I used velcro to hold in my DVD drives once because I couldn't find a screwdriver.

In fact, I sold that PC to a friend and they're still in place last I saw.


----------



## andrewsmc (Dec 22, 2008)

Lol... I *Heart* this thread Already!


----------



## DOM (Dec 23, 2008)

cdawall said:


> this is the current WR holder for radeon 7500's


you been droped a few more on some just so you know


----------



## JrRacinFan (Dec 23, 2008)

Crap. I dunno if I still have pics of my 7600GS. I attached an 80MM fan to its passive heatsink a while ago.


----------



## cdawall (Dec 23, 2008)

DOM said:


> you been droped a few more on some just so you know



crap i did didnt i hmmm i need a C2D mobo my 3000+ cant keep pace


----------



## Thrackan (Dec 23, 2008)

mrhuggles said:


> i have a problem, my case gets filled with gf's cats fur, and my case is a real peice of junk [its in my system specs
> 
> i was thinking about takeing it down and filling all the holes with tape, except maybe the holes on 1 side, and filtering them with a dryer sheet taped on the side of the case.... does that count? or is that like, sub ghetto
> 
> packing tape btw



Making fan filters out of say, pantyhose, is a very legit ghetto mod 

Good to see people like this thread! Personally, I'm gonna chuck the Core2Duo cooler in the freezer and see if that helps to get the fins off of the core. I'm really thinking about making a new cooler out of it using copper braiding.


----------



## MKmods (Jan 4, 2009)

Excellent idea for a thread Thracken


----------



## Skywalker12345 (Jan 15, 2009)

ha ill post a pic of my radoen 7000 with a fan zip tied haa


----------



## Braveheart (Jan 26, 2009)

i need some way to mount two 5.25 hard drives...but it has to mount perpendicular to the bottom of my case...idea's?


----------



## Thrackan (Jan 26, 2009)

Braveheart said:


> i need some way to mount two 5.25 hard drives...but it has to mount perpendicular to the bottom of my case...idea's?



5.25" HDD's? 

well, I'd start with ducttape, until you fix something better...


----------



## Braveheart (Jan 26, 2009)

Thrackan said:


> 5.25" HDD's?
> 
> well, I'd start with ducttape, until you fix something better...

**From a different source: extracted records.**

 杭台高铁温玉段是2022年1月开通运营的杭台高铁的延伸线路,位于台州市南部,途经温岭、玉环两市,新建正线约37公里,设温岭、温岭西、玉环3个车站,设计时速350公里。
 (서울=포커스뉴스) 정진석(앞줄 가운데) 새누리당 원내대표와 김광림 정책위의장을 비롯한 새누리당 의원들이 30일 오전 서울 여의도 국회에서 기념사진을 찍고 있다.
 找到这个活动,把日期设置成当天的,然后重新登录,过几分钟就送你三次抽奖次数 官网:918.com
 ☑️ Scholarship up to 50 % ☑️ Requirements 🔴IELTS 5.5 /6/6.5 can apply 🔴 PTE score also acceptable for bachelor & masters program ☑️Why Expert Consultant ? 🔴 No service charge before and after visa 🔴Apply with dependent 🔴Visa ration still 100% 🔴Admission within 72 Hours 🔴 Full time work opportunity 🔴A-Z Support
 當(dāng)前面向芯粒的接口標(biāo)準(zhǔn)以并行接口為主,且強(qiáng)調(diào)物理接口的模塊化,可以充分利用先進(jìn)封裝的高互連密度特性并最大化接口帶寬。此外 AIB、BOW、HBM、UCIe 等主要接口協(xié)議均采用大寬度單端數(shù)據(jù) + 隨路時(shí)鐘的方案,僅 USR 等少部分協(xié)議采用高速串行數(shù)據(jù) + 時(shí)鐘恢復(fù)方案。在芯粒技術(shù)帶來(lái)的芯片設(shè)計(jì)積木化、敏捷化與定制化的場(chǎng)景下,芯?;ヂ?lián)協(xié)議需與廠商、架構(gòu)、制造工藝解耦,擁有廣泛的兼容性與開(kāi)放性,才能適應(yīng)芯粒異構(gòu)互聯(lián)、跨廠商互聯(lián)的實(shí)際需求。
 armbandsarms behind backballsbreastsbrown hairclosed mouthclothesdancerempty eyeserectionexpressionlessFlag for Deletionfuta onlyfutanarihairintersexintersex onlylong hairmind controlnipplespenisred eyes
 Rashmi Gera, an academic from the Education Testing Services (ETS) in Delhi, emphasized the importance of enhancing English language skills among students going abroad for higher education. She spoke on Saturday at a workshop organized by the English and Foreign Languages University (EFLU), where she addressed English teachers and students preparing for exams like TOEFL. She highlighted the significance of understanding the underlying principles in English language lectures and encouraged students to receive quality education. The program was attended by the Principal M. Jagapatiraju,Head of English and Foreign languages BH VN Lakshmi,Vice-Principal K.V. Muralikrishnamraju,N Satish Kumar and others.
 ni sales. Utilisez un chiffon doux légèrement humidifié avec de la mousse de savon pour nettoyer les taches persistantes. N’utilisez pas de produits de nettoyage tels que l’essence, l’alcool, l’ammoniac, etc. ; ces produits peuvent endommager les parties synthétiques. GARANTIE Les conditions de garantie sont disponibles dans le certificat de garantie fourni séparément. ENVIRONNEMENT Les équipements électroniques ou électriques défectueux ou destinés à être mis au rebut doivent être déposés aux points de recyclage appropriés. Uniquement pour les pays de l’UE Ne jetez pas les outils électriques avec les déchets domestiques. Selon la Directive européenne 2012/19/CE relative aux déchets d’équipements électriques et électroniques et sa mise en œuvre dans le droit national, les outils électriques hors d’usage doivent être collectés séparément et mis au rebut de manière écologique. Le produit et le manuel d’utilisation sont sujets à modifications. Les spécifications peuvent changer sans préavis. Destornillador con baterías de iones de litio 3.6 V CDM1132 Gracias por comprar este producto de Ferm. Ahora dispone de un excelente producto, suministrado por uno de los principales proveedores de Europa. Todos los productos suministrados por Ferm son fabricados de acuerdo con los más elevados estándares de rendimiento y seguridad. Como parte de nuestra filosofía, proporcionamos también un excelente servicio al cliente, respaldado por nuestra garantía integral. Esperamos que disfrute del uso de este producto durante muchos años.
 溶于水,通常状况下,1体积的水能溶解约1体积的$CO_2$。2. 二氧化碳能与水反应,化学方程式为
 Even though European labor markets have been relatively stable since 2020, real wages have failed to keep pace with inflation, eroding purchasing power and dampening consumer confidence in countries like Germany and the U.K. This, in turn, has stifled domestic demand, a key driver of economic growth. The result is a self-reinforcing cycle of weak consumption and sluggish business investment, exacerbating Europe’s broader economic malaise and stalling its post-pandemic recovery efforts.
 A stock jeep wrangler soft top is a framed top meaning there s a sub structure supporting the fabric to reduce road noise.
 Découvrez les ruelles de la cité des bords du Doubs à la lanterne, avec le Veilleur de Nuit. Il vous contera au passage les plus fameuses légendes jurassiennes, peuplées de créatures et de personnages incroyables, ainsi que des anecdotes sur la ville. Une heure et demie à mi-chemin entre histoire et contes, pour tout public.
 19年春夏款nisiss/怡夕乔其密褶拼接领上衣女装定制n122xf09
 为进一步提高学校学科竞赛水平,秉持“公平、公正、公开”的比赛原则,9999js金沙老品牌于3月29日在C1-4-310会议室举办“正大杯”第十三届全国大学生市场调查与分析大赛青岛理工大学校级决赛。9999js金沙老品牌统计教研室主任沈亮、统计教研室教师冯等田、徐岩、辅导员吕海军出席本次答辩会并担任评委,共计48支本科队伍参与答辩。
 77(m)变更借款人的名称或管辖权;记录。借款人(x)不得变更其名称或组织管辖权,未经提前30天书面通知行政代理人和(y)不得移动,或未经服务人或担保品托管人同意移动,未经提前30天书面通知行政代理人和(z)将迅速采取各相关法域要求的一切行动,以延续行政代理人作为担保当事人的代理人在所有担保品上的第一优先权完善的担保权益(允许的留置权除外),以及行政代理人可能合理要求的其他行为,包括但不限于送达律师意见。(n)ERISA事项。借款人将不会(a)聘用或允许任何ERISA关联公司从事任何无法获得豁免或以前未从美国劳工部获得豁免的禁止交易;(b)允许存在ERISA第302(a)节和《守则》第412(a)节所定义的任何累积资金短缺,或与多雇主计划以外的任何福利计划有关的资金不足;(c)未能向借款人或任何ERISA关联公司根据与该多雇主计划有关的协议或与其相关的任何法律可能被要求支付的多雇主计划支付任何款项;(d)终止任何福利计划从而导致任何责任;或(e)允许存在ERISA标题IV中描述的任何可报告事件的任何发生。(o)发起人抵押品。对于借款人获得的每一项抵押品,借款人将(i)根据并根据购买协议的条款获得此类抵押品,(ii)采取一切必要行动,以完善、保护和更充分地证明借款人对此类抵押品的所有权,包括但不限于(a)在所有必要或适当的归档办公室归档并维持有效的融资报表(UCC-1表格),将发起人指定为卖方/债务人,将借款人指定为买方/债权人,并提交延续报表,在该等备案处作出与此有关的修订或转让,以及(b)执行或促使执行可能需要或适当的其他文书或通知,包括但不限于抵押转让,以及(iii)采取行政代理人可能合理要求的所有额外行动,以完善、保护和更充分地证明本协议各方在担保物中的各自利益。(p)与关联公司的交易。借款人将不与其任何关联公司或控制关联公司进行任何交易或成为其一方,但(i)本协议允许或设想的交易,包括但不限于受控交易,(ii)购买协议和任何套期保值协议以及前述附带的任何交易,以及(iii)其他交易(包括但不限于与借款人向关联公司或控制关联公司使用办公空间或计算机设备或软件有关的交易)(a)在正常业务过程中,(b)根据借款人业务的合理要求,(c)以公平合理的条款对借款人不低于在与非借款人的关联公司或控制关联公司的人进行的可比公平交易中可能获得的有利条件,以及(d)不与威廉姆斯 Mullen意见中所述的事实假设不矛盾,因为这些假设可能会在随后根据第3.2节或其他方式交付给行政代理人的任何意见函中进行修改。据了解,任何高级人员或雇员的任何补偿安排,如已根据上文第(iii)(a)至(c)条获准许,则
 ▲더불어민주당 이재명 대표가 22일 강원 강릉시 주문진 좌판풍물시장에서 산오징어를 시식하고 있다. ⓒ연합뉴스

oh wait...hard drives are smaller aren't they  my optical drive is 5.25"  what ever! i just need some way to mount hard drives in my case...i guess it would be easier if i posted pics of it huh?


----------



## Thrackan (Jan 26, 2009)

worked for me...


----------



## spud107 (Jan 26, 2009)

heres how i mounted my drives lol.


----------



## Braveheart (Jan 26, 2009)

uhh...not going to work in my scenario  im thinking mounting tape...


----------



## DrPepper (Jan 26, 2009)

I wish I took pictures at the time but I dismantled a fridge to try use the cooling equiptment in it. I found a extremely fast 120mm that I could stuck to my 8800GTS.


----------



## Odin Eidolon (Jan 26, 2009)

silent and powerful GPU cooler!


----------



## Braveheart (Jan 26, 2009)

ok i just made have to do some more ghetto-ness with my mod...it is already a plexiglass cube with steel brackets and holes made from jigsaws


----------



## iStink (Jan 26, 2009)

I've got a bent coat hanger holding an 80mm fan over my northbridge chip.  I'll post pics when I get home.  It's fabulously trashy looking.


----------



## SLA1N (Jan 26, 2009)

Its my first post, so be easy. This was all for fun, nothing was meat to happen!






ATI Rage 128mb run with a custom pot and dry ice.


----------



## Thrackan (Jan 26, 2009)

SLA1N said:


> Its my first post, so be easy. This was all for fun, nothing was meat to happen!
> 
> 
> 
> ...



EHH!  That's wicked!


----------



## Braveheart (Jan 26, 2009)

SLA1N said:


> Its my first post, so be easy. This was all for fun, nothing was meat to happen!
> 
> 
> 
> ...



thats not a ghetto computer, thats a ghetto trash can with cord attached to it.


----------



## technicks (Jan 27, 2009)

Just made a ram cooler again.
Could find the temp diode but i will find it tomorrow and then i will also make the green af the little pcb black.


----------



## Thrackan (Jan 27, 2009)

That's pretty nice, what does it display? Temp?


----------



## technicks (Jan 29, 2009)

Update:  
Modded floppy frontbezel from Antec 900 into RAM cooler with 2x50mm fan and thermal readout.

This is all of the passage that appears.